You can use our pretrained models to estimate selfing rates in your own data. We provide multiple models and a script to run the predictions. The computations is very light weight and requires only few computational resources as long as the requirements are satisfied.

Requirements

R (>4.2.2)
- dplyr
- data.table
- caret
- optparse
bcftools 1.18. We highly recommend against using earlier versions of bcftools since the training was done using 1.18. There was a change in previous versions of bcftools ROH that affects the calculation of ROHs.
plink 1.90
vcftools 0.1.15

See also env_short.yml for the a conda installation of R requirements.

Prepare input files

First we prepare the input files for the models.

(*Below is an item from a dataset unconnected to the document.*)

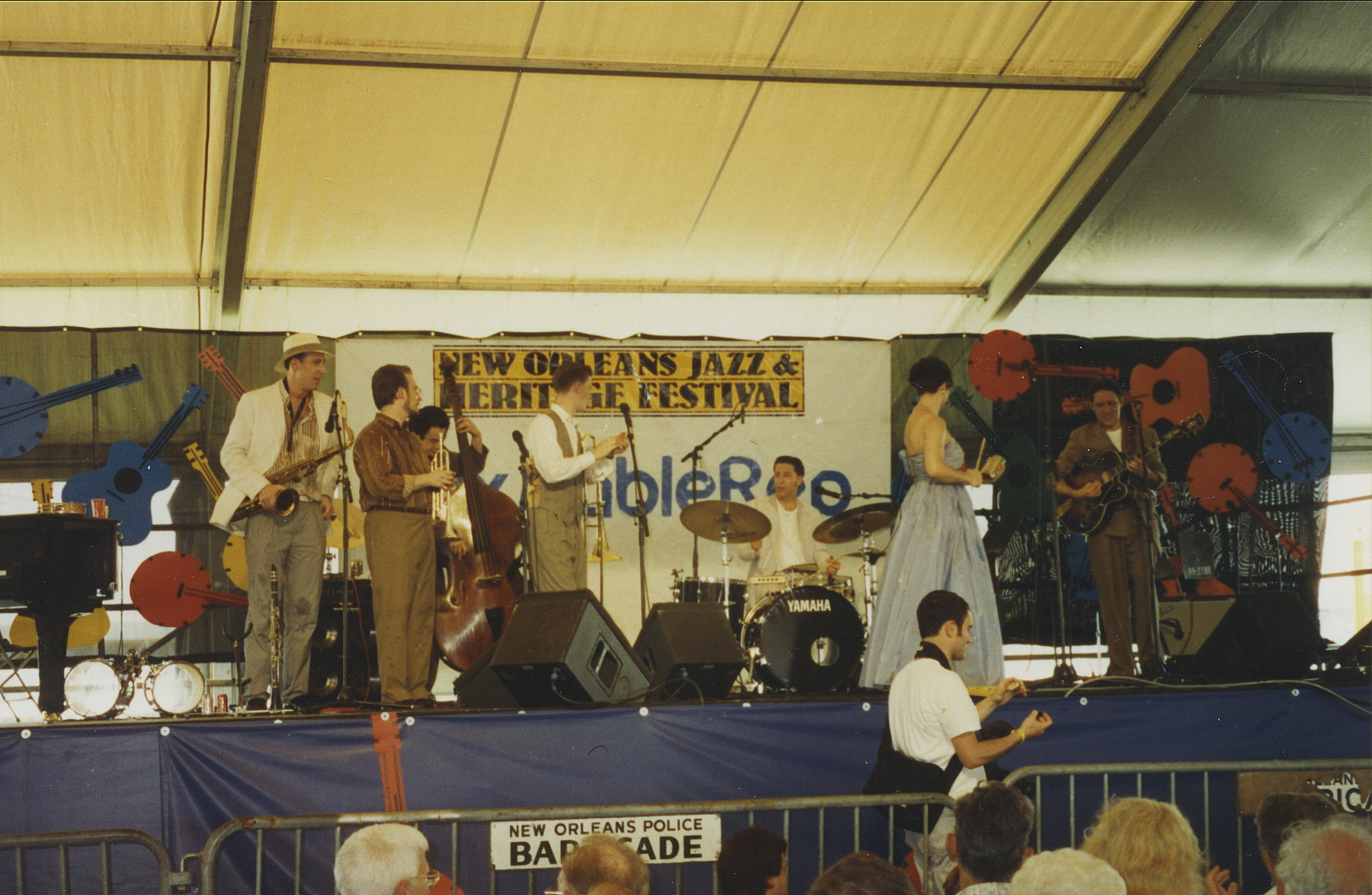 Flying Neutrions as JazzFest New Orleans 1995

The algorithm will only use the input files specified in the model (see table below), but the wrapper scripts require all input files (Tajima, F, ROHs), even if you just want to use ROHs for the prediction.

FILE=your.vcf.gz
OUTNAME=$(basename $FILE)
plink  --vcf $FILE --het --out $OUTNAME # *.het file
vcftools --gzvcf $FILE --TajimaD 100000 --out $OUTNAME # *.Tajima.D file
bcftools roh -O r -o rohoutput.txt $FILE  # calculate ROHs

In addition to these input files you will also require chromosome lengths for your reference. These can be easily obtained with the following commands.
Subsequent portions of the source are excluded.